Simplified Tutorial

Erik Bågfors zindar at
Sat May 6 18:00:46 BST 2006

On 5/6/06, Ramon Diaz-Uriarte <rdiaz02 at> wrote:
> This is a very useful document! A few comments/questions:
> ================================================
> > A shared repository is a storage that can contain multiple branches.
> > By putting the branches in a shared repository, they will use the same
> > storage for things that are the same between different branches.  It
> > is recommended to keep related branches in a shared repository.
> >
> > Branches in bzr can also be standalone, in this case, each branch does
> > not share the same storage.
> >
> > The setup described in this document is where you have one centralized
> > shared repository on a central server. This repository is then used by
> > all developers.  In this setup, each developer needs to be able to
> In the last paragraph, does "shared" have the meaning of "shared by
> several users" or "shared because there are several branches". If the
> later, why/how does that relate to  the cvs/svn-like usage.

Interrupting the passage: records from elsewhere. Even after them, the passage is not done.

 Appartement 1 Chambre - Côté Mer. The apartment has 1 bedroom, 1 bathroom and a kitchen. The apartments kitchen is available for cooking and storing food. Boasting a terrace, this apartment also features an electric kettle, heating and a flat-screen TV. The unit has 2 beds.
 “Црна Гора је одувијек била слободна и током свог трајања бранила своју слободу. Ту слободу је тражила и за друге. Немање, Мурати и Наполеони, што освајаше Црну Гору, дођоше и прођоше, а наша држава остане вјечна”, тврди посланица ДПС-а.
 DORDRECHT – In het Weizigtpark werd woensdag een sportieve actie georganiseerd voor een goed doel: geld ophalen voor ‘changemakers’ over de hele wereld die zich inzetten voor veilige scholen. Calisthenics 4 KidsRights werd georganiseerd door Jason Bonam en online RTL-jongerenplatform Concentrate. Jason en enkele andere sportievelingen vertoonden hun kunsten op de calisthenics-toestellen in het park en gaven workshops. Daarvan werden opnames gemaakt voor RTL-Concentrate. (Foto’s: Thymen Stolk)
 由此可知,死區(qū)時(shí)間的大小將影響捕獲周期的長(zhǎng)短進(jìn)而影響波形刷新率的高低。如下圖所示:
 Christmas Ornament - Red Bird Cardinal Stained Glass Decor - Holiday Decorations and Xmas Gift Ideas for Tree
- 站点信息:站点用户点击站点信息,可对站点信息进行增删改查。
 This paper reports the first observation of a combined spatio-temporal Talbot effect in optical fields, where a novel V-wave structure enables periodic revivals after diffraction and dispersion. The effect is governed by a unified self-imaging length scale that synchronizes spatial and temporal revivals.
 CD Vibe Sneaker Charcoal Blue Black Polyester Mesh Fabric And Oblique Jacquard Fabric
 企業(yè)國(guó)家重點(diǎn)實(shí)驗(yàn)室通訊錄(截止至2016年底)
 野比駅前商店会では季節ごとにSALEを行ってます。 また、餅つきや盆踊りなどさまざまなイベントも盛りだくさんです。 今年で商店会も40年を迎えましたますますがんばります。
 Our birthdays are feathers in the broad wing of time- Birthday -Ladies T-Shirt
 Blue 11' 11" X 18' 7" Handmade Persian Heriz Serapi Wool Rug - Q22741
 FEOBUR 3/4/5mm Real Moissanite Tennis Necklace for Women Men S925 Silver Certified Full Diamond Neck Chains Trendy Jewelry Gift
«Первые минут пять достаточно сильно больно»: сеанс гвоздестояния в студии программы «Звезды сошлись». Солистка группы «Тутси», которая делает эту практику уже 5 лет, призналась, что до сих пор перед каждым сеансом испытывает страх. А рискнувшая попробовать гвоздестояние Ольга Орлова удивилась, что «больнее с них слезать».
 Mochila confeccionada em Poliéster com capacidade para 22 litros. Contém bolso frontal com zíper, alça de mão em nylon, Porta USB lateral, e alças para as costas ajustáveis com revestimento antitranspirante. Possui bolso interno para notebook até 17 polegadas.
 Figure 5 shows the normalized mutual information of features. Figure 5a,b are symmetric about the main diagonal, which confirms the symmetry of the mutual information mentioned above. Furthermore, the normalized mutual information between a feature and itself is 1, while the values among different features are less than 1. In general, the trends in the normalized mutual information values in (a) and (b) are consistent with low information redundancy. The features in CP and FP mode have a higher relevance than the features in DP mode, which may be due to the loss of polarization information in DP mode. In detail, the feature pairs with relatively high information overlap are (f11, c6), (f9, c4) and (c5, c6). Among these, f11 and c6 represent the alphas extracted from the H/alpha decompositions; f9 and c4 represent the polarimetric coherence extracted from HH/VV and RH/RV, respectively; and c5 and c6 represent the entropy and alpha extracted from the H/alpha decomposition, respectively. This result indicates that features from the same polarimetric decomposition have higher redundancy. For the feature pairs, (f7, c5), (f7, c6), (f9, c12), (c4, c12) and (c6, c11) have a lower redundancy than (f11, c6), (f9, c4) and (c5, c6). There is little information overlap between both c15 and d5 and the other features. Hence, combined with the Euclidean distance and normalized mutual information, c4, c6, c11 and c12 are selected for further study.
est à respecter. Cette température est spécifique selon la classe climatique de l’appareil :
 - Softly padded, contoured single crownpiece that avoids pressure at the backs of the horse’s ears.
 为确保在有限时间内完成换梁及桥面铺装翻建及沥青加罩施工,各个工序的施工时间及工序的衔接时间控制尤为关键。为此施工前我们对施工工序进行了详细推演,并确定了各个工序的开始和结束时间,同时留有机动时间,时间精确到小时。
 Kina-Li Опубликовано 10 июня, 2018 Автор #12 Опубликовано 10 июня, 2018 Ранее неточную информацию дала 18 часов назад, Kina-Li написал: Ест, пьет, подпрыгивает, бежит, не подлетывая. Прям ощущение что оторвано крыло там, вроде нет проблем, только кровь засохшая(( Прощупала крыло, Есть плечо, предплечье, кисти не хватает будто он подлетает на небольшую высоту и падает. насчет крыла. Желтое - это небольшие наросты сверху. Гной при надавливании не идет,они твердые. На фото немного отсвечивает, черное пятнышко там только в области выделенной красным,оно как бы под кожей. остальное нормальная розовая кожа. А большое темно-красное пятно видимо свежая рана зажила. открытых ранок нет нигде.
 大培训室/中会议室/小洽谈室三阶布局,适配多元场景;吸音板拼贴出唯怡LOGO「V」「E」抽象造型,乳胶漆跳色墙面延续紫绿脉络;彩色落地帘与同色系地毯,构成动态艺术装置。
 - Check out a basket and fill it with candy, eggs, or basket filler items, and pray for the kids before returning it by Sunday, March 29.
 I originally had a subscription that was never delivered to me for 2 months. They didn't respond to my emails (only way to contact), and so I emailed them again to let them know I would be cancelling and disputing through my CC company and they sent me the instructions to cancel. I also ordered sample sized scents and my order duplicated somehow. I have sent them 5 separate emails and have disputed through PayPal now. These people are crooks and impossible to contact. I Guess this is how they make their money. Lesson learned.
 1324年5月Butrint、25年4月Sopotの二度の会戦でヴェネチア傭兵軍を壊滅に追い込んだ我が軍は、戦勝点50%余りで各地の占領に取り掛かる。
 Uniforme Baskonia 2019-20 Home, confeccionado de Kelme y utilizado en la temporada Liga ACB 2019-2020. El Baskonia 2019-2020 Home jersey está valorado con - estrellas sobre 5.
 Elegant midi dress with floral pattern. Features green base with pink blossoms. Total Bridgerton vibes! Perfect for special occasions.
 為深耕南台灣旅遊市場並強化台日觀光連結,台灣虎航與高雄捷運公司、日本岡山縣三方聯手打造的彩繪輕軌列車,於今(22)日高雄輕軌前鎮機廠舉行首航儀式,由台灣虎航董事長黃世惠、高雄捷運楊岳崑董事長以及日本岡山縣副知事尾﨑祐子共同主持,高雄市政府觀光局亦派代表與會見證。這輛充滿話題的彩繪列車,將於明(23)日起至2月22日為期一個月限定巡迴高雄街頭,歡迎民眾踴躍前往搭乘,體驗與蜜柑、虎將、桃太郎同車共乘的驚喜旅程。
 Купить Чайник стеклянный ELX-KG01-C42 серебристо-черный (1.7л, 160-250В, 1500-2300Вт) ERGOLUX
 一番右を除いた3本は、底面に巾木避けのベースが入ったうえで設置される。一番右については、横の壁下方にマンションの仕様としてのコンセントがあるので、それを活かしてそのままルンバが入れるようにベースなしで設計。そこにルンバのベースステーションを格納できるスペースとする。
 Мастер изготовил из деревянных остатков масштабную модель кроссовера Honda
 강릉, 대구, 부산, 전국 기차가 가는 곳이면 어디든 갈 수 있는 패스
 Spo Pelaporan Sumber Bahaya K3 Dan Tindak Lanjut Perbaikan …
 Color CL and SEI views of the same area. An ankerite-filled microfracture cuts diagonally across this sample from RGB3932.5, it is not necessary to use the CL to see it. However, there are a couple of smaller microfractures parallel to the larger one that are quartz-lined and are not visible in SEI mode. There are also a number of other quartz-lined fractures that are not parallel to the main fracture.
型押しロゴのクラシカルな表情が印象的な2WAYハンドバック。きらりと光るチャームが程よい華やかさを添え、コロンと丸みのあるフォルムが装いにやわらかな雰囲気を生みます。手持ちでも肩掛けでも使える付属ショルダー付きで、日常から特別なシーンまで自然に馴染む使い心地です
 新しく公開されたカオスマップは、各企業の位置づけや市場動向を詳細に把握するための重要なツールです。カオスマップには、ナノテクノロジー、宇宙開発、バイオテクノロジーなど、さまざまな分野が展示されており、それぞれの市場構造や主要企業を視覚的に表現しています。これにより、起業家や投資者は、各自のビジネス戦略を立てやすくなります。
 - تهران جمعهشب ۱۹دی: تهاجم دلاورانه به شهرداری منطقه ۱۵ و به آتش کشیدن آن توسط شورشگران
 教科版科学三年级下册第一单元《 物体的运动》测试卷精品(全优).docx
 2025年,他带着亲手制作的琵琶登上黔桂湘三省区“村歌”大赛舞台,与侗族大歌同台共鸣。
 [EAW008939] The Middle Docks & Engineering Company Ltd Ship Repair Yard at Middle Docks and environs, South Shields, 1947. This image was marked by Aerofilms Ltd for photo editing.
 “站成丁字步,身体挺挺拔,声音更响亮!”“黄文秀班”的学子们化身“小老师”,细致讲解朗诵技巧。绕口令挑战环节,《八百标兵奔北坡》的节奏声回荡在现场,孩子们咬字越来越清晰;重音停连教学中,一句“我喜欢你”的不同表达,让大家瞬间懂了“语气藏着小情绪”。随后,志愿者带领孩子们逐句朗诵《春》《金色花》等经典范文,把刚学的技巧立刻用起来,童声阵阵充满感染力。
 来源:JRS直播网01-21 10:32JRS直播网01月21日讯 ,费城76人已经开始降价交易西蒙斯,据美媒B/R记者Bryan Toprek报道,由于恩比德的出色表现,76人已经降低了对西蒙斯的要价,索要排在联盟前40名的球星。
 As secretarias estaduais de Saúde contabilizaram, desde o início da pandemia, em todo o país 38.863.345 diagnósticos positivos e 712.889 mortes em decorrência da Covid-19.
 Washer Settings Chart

Shared between several branches, they may or may not also be shared
between several users, but so may standalone branches. In the example
above, it's both.

In svn-terms a shared repository is what's also called a repository in
svn, and a branch is "trunk", or "branches/foobranch".  In CVS it's
harder, because CVS sucks :)

> > Creating a centralized shared storage
> > =====================================
> >   $ bzr init-repo sftp://bzr@server/path/to/repo
> > to create the shared repository.
> >
> > In this repository, you need to create a branch, this is done with the
> > command "bzr init", for example
> >   $ bzr init sftp://bzr@server/path/to/repo/branch
> > will create a branch named "branch" inside the repository.
> >
> I have several doubts:
> - If I understand correctly, the "recipe" is for a directory that
> doesn't yet exist


> - If /path/to/repo exists and has files already, shouldn't we use "bzr
> init" followed  by "bzr add"?

Nope. /path/to/repo is just a shared repository, not a branch. A
repository cannot contain any files (only revisions and branches). The
branches in the repository does not have working trees, so a checkout
has to happen to add files to it.  Same as in svn I think... at least
that's how I've always worked with svn.